Александр, переодевшись мирным обывателем, направился к особняку господина Лаффита – иными словами, центру республиканской оппозиции. В гостиной уже собрались несколько либеральных депутатов. Ждали старика Лафайета. Наконец он появился, постаревший, поблекший и вместе с тем великолепный.
– Ну что, генерал, – кричали со всех сторон этому призраку века Просвещения. – Что вы поделываете?
– Господа, – отвечал Лафайет, – ко мне пришли славные молодые люди, они воззвали к моему патриотизму, и я сказал им: «Дети мои, чем более изрешечено знамя, тем более им можно гордиться. Найдите мне место, где я смогу поставить стул, и я не сойду с него, пока меня не убьют!»
Этот ответ, достойный того, чтобы стать репликой и украсить собой пятый акт какой-нибудь пьесы, воспламенил Александра. Но очень скоро героические заявления, раздававшиеся вокруг него, уступили место осторожным и бесплодным разговорам. Большинство этих храбрецов явно упивались звучанием слова «свобода», не имея ни малейшего намерения и пальцем пошевелить ради того, чтобы защитить ее. Да и сам он не чувствовал в себе готовности рисковать жизнью ради того, чтобы установилась власть того или иного временного правительства. Этот день, заполненный беспорядками и разглагольствованиями, истощил его силы. Плохо понимая, что происходит вокруг, с трудом переставляя ватные ноги, Дюма кое-как добрел до Больших бульваров, где остановил кабриолет и велел отвезти себя домой, на улицу Сен-Лазар. Поднимаясь по лестнице, он рухнул без чувств на площадке между первым и вторым этажом. Там его и нашли Белль и горничная; женщины перенесли его в квартиру, раздели и уложили в постель.
В ночь с 5 на 6 июня беспорядки под натиском регулярных войск, теснивших мятежников, сосредоточились вокруг площади Бастилии и на улицах Сен-Мерри, Обри-ле-Буше, Планш-Мибре и Арси. [56] Едва проснувшись, Александр узнал об этом от соседей. Он тотчас вскочил, намереваясь бежать на улицу и все разузнать поподробнее, но силы тут же оставили его. Пришлось ему ограничиться тем, чтобы нанять карету и отправиться в редакцию газеты «National». Там он узнал, что последние баррикады вот-вот будут разобраны, а все их защитники уже арестованы или перебиты. Что же – значит, конец всем республиканским чаяниям? Он хотел узнать точно и потому кое-как дотащился до Лаффита.
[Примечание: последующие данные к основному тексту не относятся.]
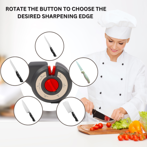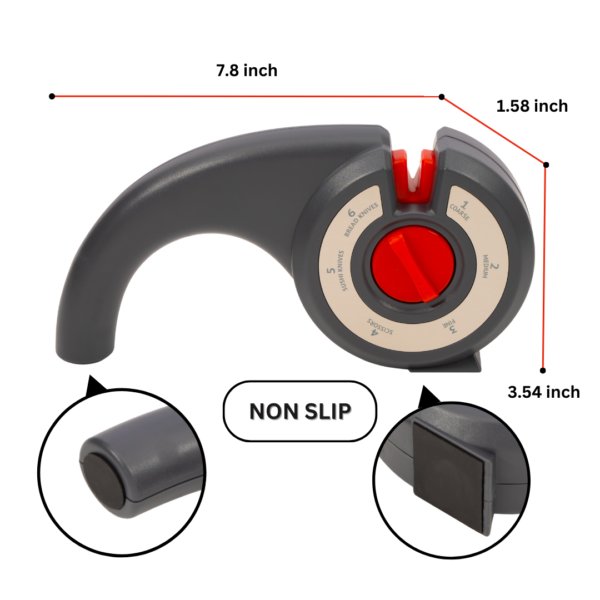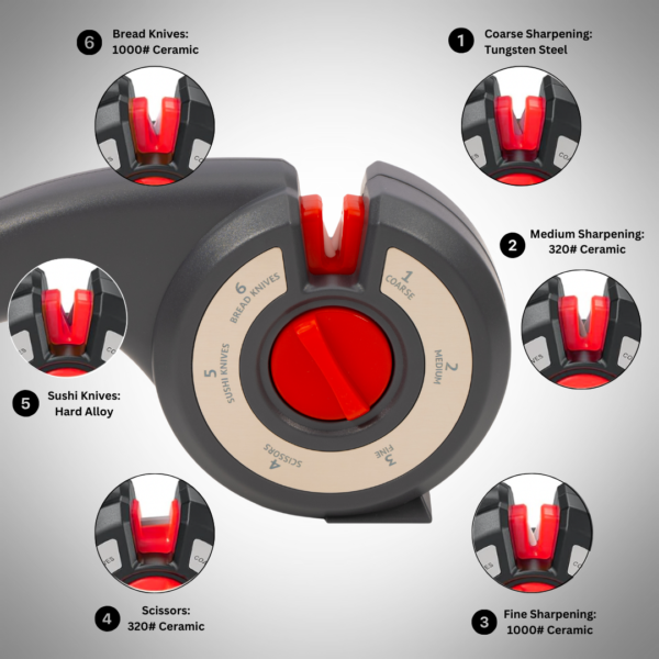 Return to ShopResQSharp knife sharpener adopts a multi-purpose design with 6 stages. Stage 1. Coarse: Suitable for grinding dull knives and repairing damaged blades; Stage 2 Medium: For semi-dull knives and ceramic knives; Stage 3 fine: to polish the knife; Stage 4 Scissors: To sharpen scissors; Stage 5 Sushi Knife: For sharpening sushi knives; Stage 6 Bread Knife: All bread knives for grinding. Different stages to meet different sharpening needs. You can use it as you wish.
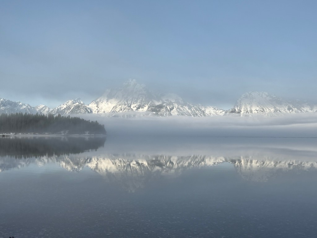 Has a nice long hike this morning, even though I didn’t get quite to the lake I was aiming for. The weather was incredibly, about 50 and sunny to start out, getting just a bit warmer as the morning went on. I made it about 75% of the way to Bradley Lake, and had a great view of Taggart Lake below, unfortunately the snow started piling up and I want confident in just winging it on my own, so I turned around and headed back to walk along the shore of Lake Taggart to see of that way up was any better. You can’t really tell by the picture, but the snow was about 3 feet deep for extended periods, and with the changes in terrain and slope being impossible to determine it just seemed to risky for me.
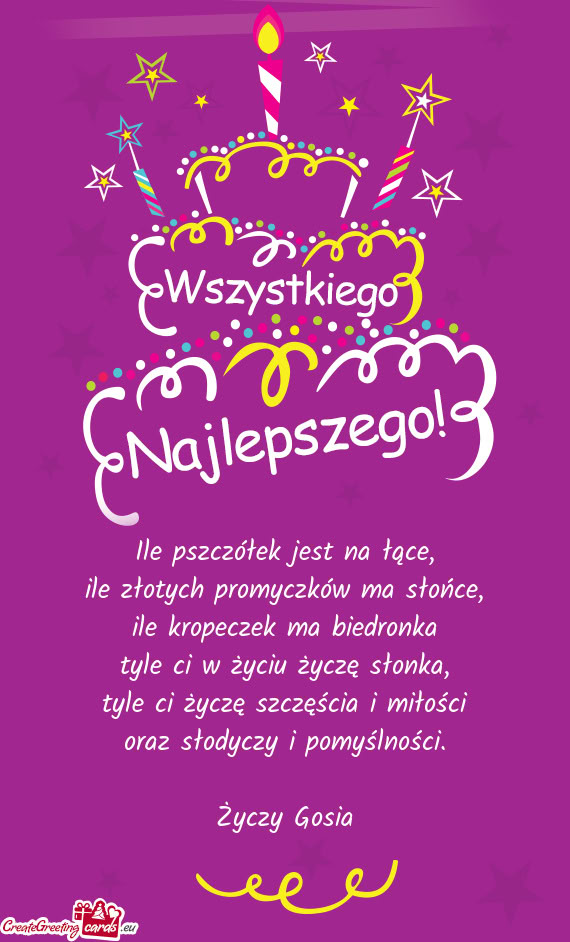 Z okazji urodzin składam Ci moc życzeń: uśmiechu, zdrowia, radości, mnóstwa prezentów i gości, przyjaźni wielkich i małych, wielu przygód niebywałych i uśmiechu wesołego i wszystkiego, wszystkiego najlepszego!

Все те, для кого мятеж обернулся разочарованием, собрались там и сидели с печальными лицами, хмуро дожидаясь решения группы либеральных депутатов, совещавшихся за закрытыми дверями гостиной. Наконец Франсуа Араго покинул собрание политиков, вышел к встревоженным друзьям и с горечью признался им, что заседание кончилось позором и что решено было послать к королю трех представителей, которые должны молить его проявить милосердие и даровать прощение последним мятежникам, уличенным в попытке выступить против существующего порядка.
56
Две последние улицы были впоследствии присоединены к нынешней улице Сен-Мартен. (Прим. авт.)
На Александра это известие обрушилось словно удар дубинки, он вышел из особняка удрученный и подавленный. Некоторое время бесцельно скитался по улицам, затем устало опустился на стул на террасе кафе. Он думал о тех, кто безнадежно проиграл сражение, – покинув баррикады, они затаились в укрытиях, где их преследовали солдаты, – о тех, кого бросали за решетку и расстреливали без суда и следствия. В его голове неотступно крутились слова: «Все, что угодно, только бы не гражданская война!» Тем не менее он готов был в нее вступить!